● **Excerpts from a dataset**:
# # # #

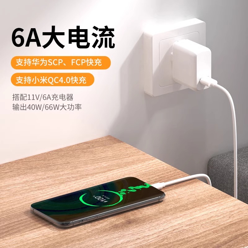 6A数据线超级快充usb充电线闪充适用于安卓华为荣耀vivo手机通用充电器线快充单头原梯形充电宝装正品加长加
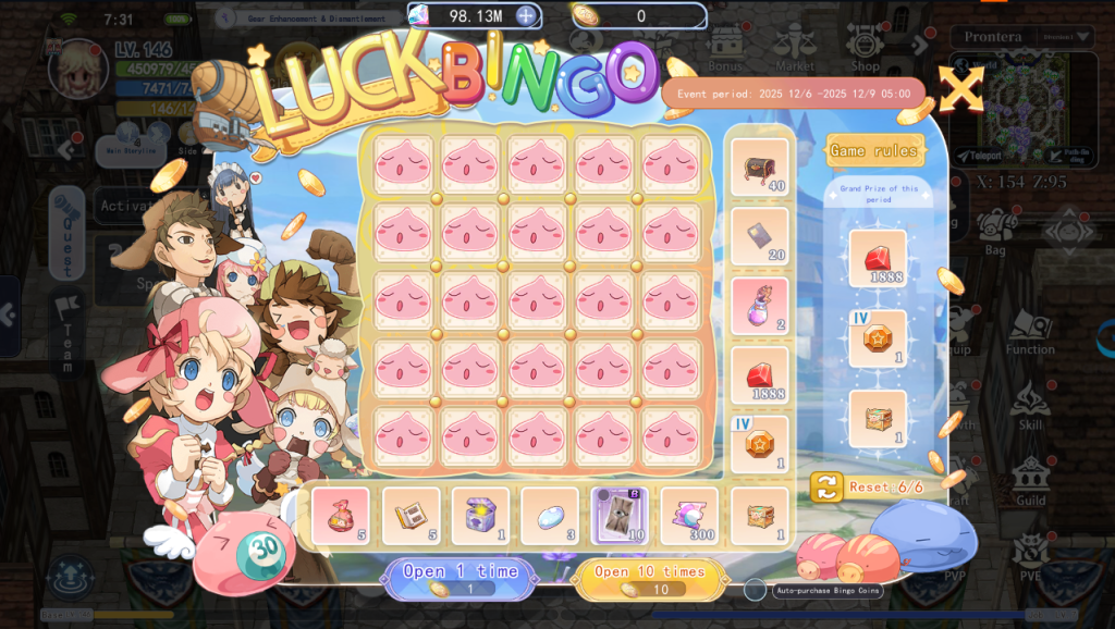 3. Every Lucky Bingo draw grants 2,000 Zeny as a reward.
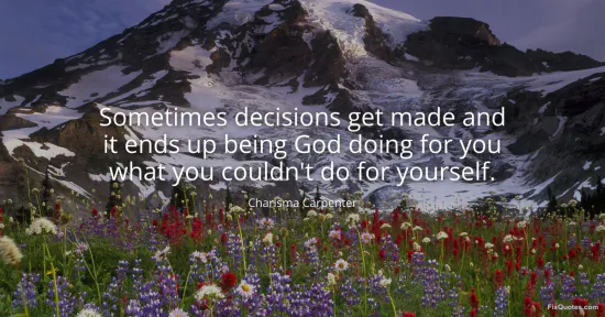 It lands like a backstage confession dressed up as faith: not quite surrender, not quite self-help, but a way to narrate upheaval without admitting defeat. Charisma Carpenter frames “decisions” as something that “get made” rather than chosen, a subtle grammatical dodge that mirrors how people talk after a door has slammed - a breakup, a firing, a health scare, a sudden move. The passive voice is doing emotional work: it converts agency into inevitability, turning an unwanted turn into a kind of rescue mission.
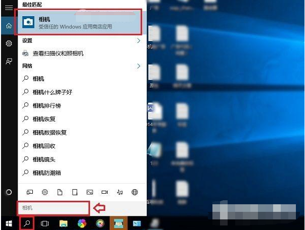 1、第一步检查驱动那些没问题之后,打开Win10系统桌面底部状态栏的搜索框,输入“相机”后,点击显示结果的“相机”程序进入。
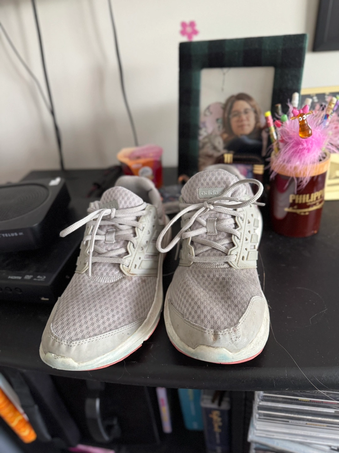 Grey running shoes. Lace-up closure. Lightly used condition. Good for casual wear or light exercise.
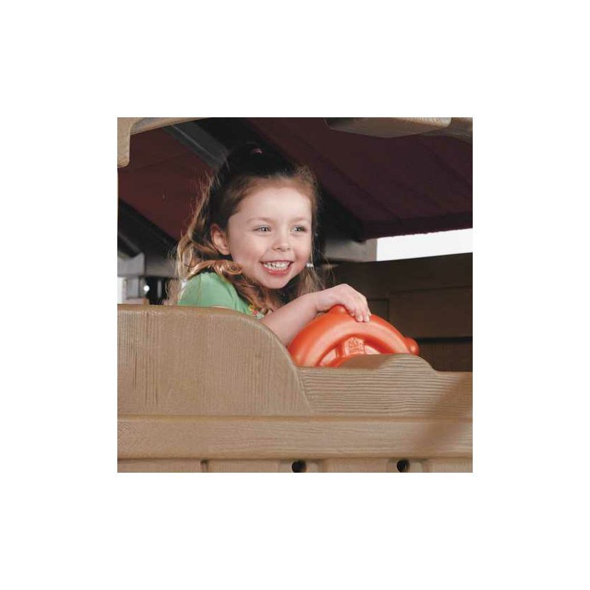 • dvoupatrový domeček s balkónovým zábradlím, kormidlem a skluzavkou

# # # #

● **INSTRUCTIONS FOR THE TASK**: Skip the pictures and give the entries above again word for word.

● **WRITTEN ANSWER**:
 6A数据线超级快充usb充电线闪充适用于安卓华为荣耀vivo手机通用充电器线快充单头原梯形充电宝装正品加长加
 3. Every Lucky Bingo draw grants 2,000 Zeny as a reward.
 It lands like a backstage confession dressed up as faith: not quite surrender, not quite self-help, but a way to narrate upheaval without admitting defeat. Charisma Carpenter frames “decisions” as something that “get made” rather than chosen, a subtle grammatical dodge that mirrors how people talk after a door has slammed - a breakup, a firing, a health scare, a sudden move. The passive voice is doing emotional work: it converts agency into inevitability, turning an unwanted turn into a kind of rescue mission.
 1、第一步检查驱动那些没问题之后,打开Win10系统桌面底部状态栏的搜索框,输入“相机”后,点击显示结果的“相机”程序进入。
 Grey running shoes. Lace-up closure. Lightly used condition. Good for casual wear or light exercise.
 • dvoupatrový domeček s balkónovým zábradlím, kormidlem a skluzavkou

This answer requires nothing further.